The next step was to collect statistics. This step was out of stupidity, because it was not clear whether it was a one-time failure or not, on what volumes or types of tasks it occurs.

It would be better, of course, to take the article How to Collect Logs for Veeam Backup & Replication, but without vendor support, it is interesting to look at uploading all the logs. But only.

The collection of task statistics, however, gave a result, albeit a strange one – the failure occurred at the same time (several times a day, but at the same time on different days), and then it became interesting.

I (finally) opened windows logs and saw the message – Base port lost fabric connectivity. Like here – Veeam Tape backup error – Qlogic FC adapter: Base port (WWN = 10:00:8c:7c:ff:65:f7:38) lost fabric connectivity.

We need to go deeper.

When we need to go deeper, first of all we need to remember strace, secondly Process Monitor.

In my case, it was Windows, so they took Process Monitor and went to watch, record and filter.

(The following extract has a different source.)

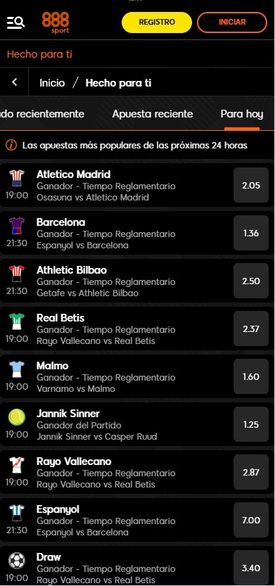 El enfoque de 888Sport se centra especialmente en el fútbol, aunque cubre una amplia variedad de eventos y disciplinas deportivas, junto con un robusto sistema de apuestas en vivo que permite a los usuarios disfrutar de una experiencia completa. Las cuotas de 888Sport están a la altura de sus competidores, haciendo de la plataforma una opción muy atractiva para los apostadores. 888Sport siempre ha estado vinculado al deporte, especialmente a través de patrocinios de alto perfil. Ha patrocinado equipos de fútbol como el Sevilla FC y se ha involucrado en otros deportes como el motor, billar y dardos. Su presencia en España es fuerte y continua en expansión.

It turned out that at the time when the problem starts, the VeeamDeploymentSvc application calls wmiprvse (Windows Management Instrumentation (WMI) Provider Service) to poll devices, after which bfadi (bfadi.sys) becomes bad – and this is FC / FCoE HBA Stor Miniport from Brocade Communications Systems

At this point, I was a little surprised, because from my point of view, no tasks were launched, and all auto polls went once a day.

What a brutal suicide.

After a smoke break, coffee and the Internet, it turned out that no, there is a process – Veeam Host discovery and it is even visible in the Veeam GUI and tasks. There is a process, but there are no settings for it in the GUI. And there is no open documentation – that’s the process, and that’s it. I had to search again. For normal people, the settings are somewhere in the settings file. For Veritas Backup Exec / NetBackup, the settings are either a number in the file or even the presence of a file somewhere in NetBackup\db\config\ or /usr/openv/netbackup/ . Commvault combines best practices – and registry and not only. Especially considering that as a result of development in Commvault there are already two or three configuration storage bases only. Veeam follows best practices by storing settings either in HKLM\SOFTWARE\Veeam\ (which even has documentation ) or in /etc/VeeamAgentConfig . And saving or trying to read the settings from the registry, which is sometimes written on the forums (one, 2, 3)

They also sometimes write about different keys – such as FilesNotToSnapshotand sometimes they don’t write

This plug-in version does not support Freeze-only snapshots. If you want to enable VM processing using VMware snapshots, contact Veeam support to change the value of a dedicated registry key.(one)

Solution.

The solution is obvious – Hanc marginis exiguitas non caperet. There could still be a link to my blog or telegram channel, but this is redundant for a closet.